Several years ago, I was getting burned out in my high-stress newspaper job, and I came across a fancy hardcover book listing science fiction publishers, agents and editors. I paged through it on my lunchbreak, until I found a part of the introduction which proclaimed: "Many writers now make a decent living just from writing science fiction short stories."
That was enough for me. I bought the guidebook then and there, and set about quitting my day job once and for all. I was going to make a living as a science fiction short story writer!
Top image: Detail from cover of Warlord of Mars #4 from Dynamite Comics, art by Joe Jusko.
Actually, I didn't entirely quit my day job — rather, I switched to a day job that was way less stressful and allowed me to have time to concoct my little bejeweled masterpieces of short story-writing. All I had to do was crank out short stories until I got really good at it, then send them out — and watch the money roll in. I got myself a travel mug that entitled me to cheap refills at the local Caribou Coffee, and then set about discovering just how much caffeine a human could consume in a five-hour period before hallucinations set in.

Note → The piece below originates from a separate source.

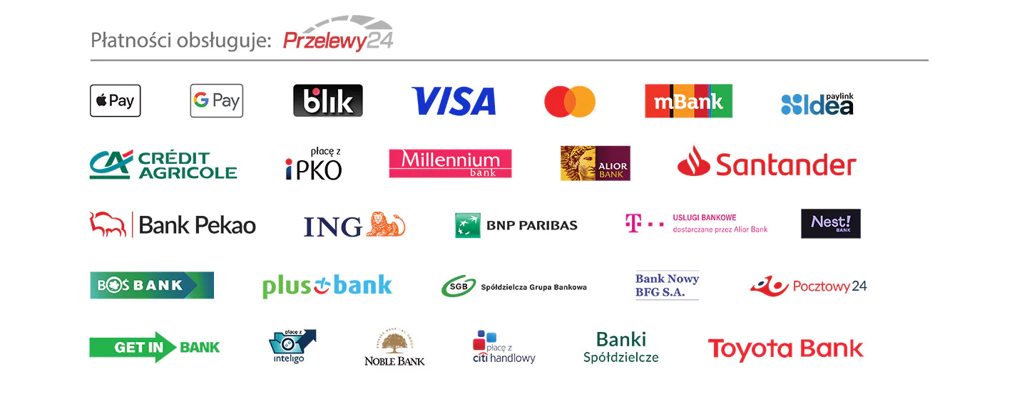 Rozliczenia transakcji kartą płatniczą i e-przelewem przeprowadzane są za pośrednictwem Przelewy24.

By the third or fourth travel mug of nuclear-grade depth-charged Mountaineer Blend, the ideas were flowing, and I was cranking out story after demented story. I was going for a sort of gonzo sensibility, Don Webb meets Kathy Acker meets J.G. Ballard, with a large dose of Iain M. Banks. And with enough java in my bloodstream, I felt as though my mania could pass for genius. There was nothing more exhilerating than the thrill of just getting words on a page, especially if those words were wrapped around the weirdest ideas my mind could dream up.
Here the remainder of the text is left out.